Machine learning workloads in particular showcase the benefits of a purpose-built agent for operations work.
Genie ZeroOps for machine learning
Production ML introduces some additional challenges to data engineering. A model can have no pipeline errors and still be producing bad predictions, which means keeping pipelines running isn't enough, you need to watch whether the model's outputs are still trustworthy.
When they aren't, Genie ZeroOps diagnoses the cause, builds a corrected candidate, and validates it before it touches live traffic. For a pipeline fix, it validates against a shallow clone of a table. For a model, it trains a candidate on corrected features and evaluates it against the same eval suite and criteria the production model was held to -- not a generic benchmark. It surfaces the candidate only if it's measurably better, and lets you ramp it on live traffic before it takes over.

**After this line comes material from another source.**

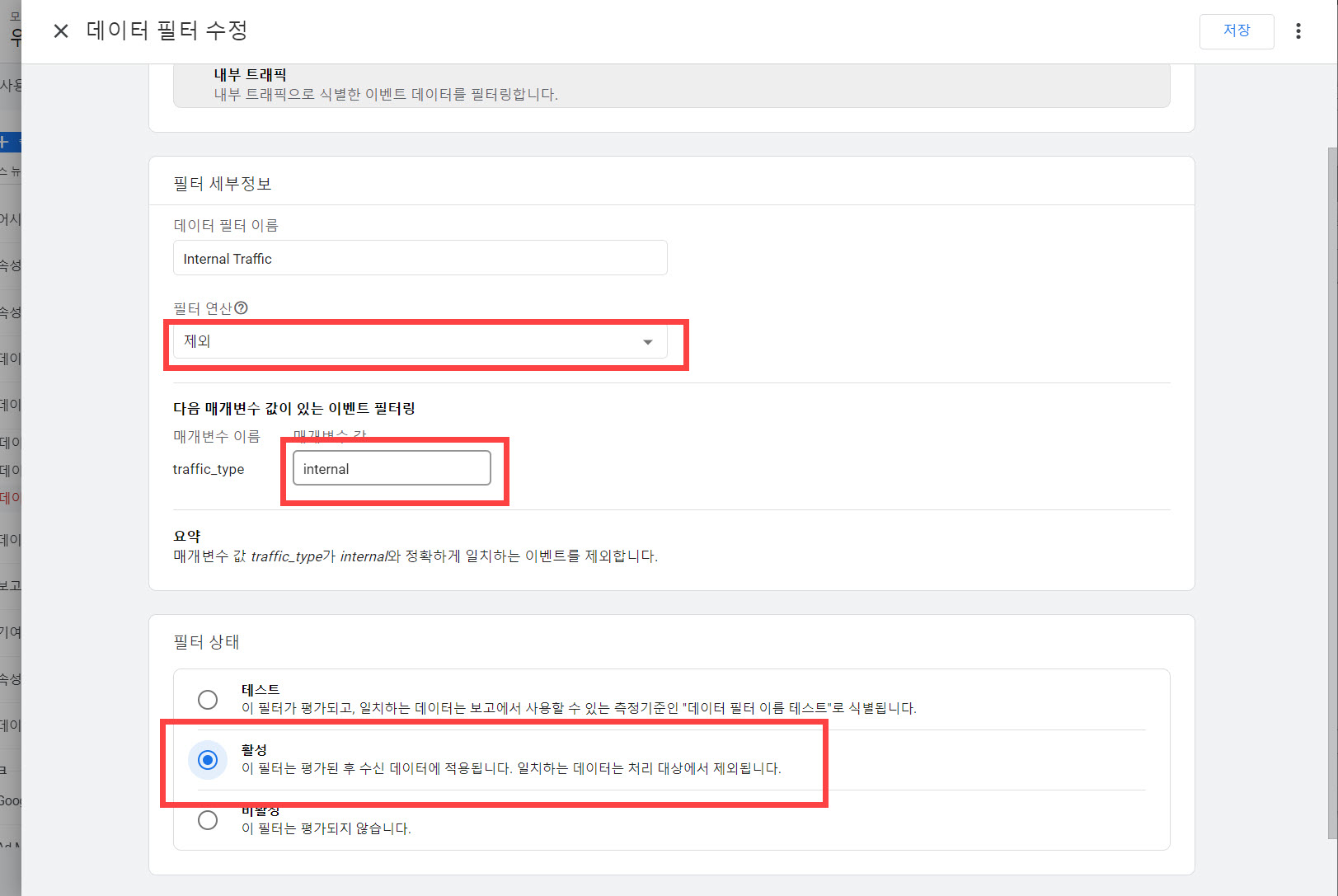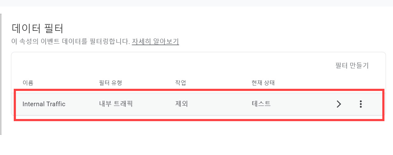 2. 데이터 필터 화면에서 "필터 만들기" 버튼을 클릭하여 내부 트래픽 필터를 만들거나, 기본적으로 생성되어 있는 테스트 상태의 필터를 선택하여 수정할 수 있습니다.

What makes those fixes trustworthy is context. Genie ZeroOps for ML is built on the same foundation as Genie Code, Genie Ontology and native integration with the Databricks ML stack (Feature Store, MLflow, model serving, notebooks). It knows which features your model uses, how your team evaluates it, and what 'good' means for your business, so it reasons the way your senior ML engineers would.
You stay in control
You configure which assets Genie ZeroOps monitors and what it's authorized to do. Everything runs under Unity Catalog governance, so it can only access data your own credentials allow. Issues surface in an inbox-style UI, prioritized by severity, each with a root cause analysis and a proposed fix. Nothing gets applied to production without your approval.
The sandbox is the technical trust layer. Shallow cloning means the fix is tested with real data but production is never touched. Scoped permissions and network isolation mean the sandboxed environment can't reach outside its boundaries. What was tested is exactly what gets applied.
This is the value of Genie ZeroOps - it lets you scale your operations safely. It does the heavy lifting while you stay in control.
Genie ZeroOps is coming soon
Genie ZeroOps is entering private preview in the coming weeks, starting with support for jobs, pipelines, tables and ML workloads. Apps, and Lakebase databases are on the roadmap.
Talk to your Databricks account team to request early access. In the meantime, explore other members of the Genie family like Genie One and Genie Code.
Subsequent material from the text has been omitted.